**Information given**

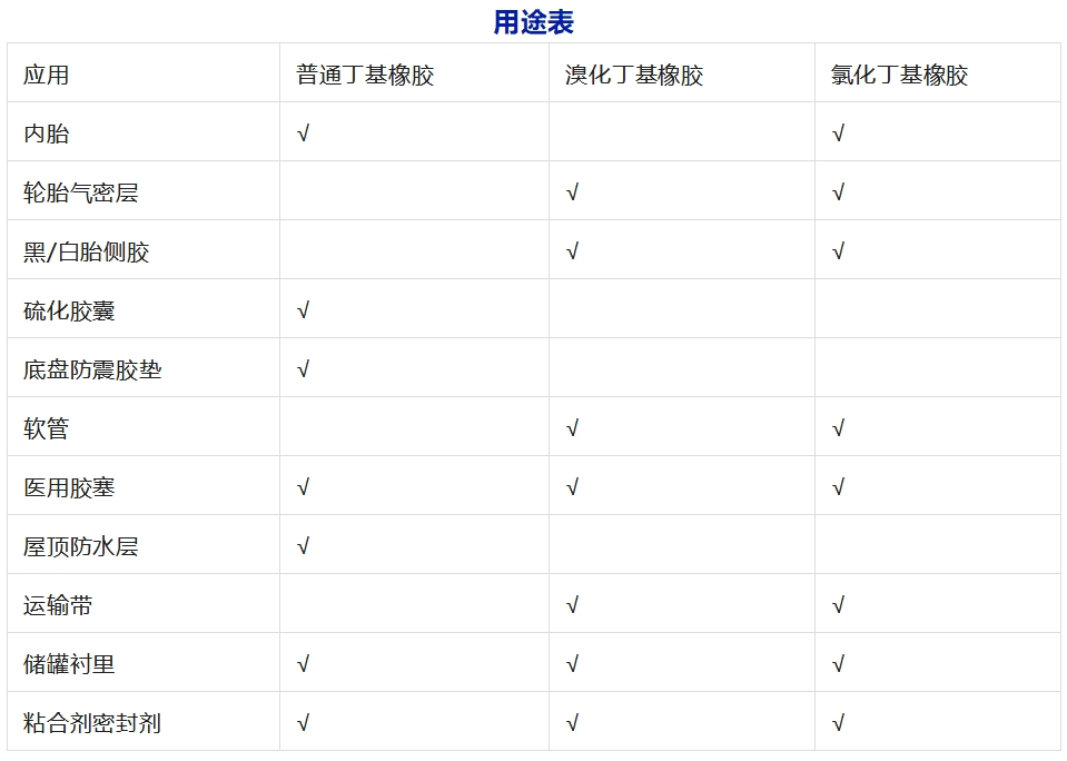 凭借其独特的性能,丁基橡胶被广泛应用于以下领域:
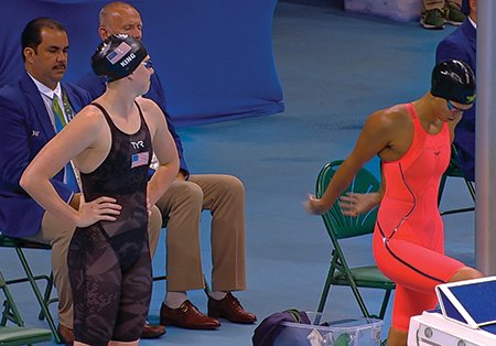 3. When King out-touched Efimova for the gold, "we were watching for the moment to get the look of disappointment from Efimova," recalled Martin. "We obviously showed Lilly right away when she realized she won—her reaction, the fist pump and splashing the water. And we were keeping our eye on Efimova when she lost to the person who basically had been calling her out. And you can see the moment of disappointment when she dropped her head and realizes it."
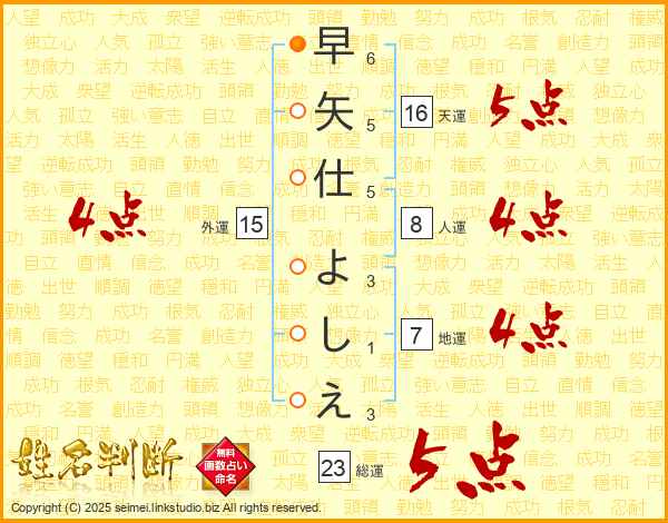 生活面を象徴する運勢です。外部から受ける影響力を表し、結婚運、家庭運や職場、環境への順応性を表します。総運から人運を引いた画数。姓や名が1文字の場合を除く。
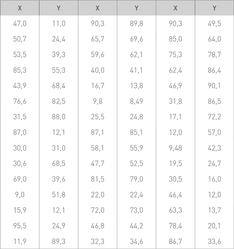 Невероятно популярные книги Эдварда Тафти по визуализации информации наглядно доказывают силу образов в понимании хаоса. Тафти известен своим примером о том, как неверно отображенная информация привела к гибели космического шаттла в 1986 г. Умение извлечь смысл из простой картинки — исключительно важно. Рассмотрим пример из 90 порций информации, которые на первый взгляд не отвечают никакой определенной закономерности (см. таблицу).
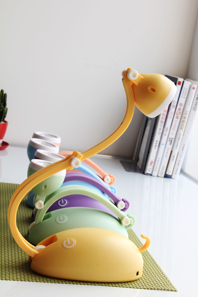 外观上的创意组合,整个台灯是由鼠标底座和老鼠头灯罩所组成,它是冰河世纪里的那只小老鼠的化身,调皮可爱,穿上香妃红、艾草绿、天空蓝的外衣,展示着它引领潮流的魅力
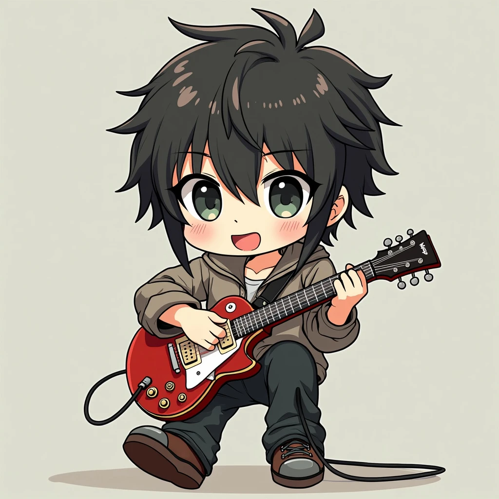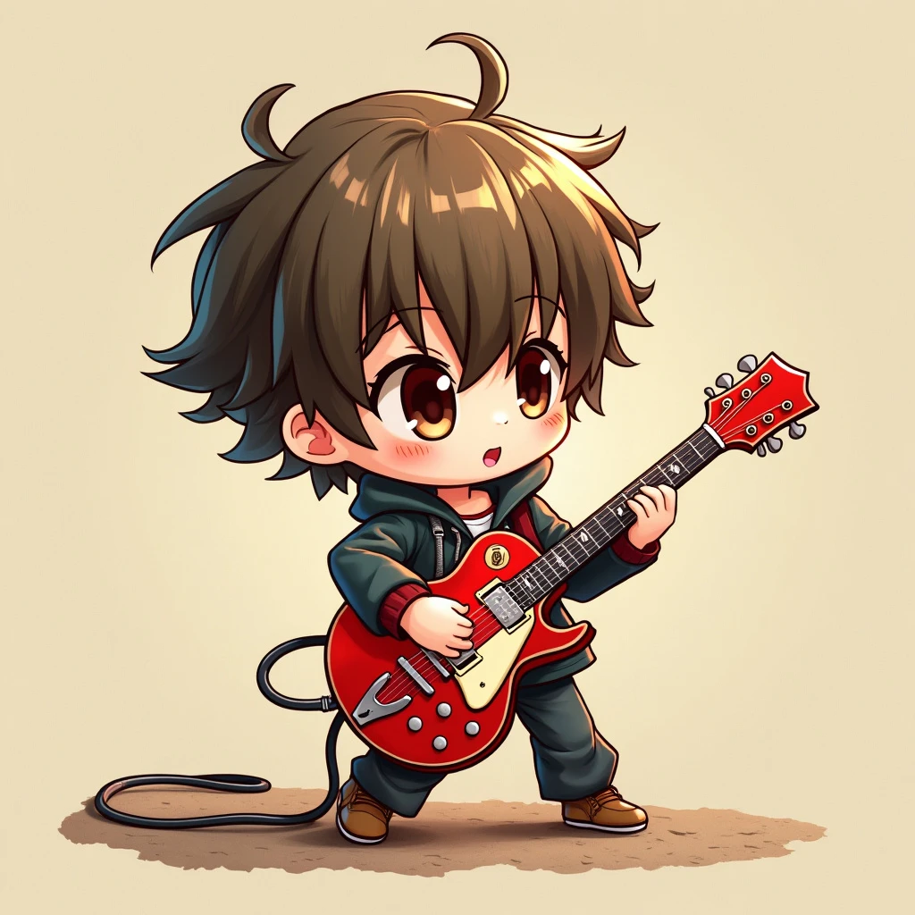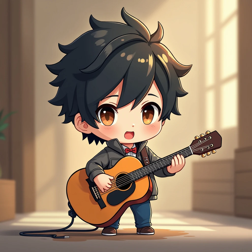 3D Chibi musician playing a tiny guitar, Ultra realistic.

**Goal of the exercise**
Lines from the one that contains "外观上的创意组合,整个台灯是" to the final line of the material are the whole answer. Reproduce them word for word and skip the pictures.

**Answer to the problem**
 外观上的创意组合,整个台灯是由鼠标底座和老鼠头灯罩所组成,它是冰河世纪里的那只小老鼠的化身,调皮可爱,穿上香妃红、艾草绿、天空蓝的外衣,展示着它引领潮流的魅力
 3D Chibi musician playing a tiny guitar, Ultra realistic.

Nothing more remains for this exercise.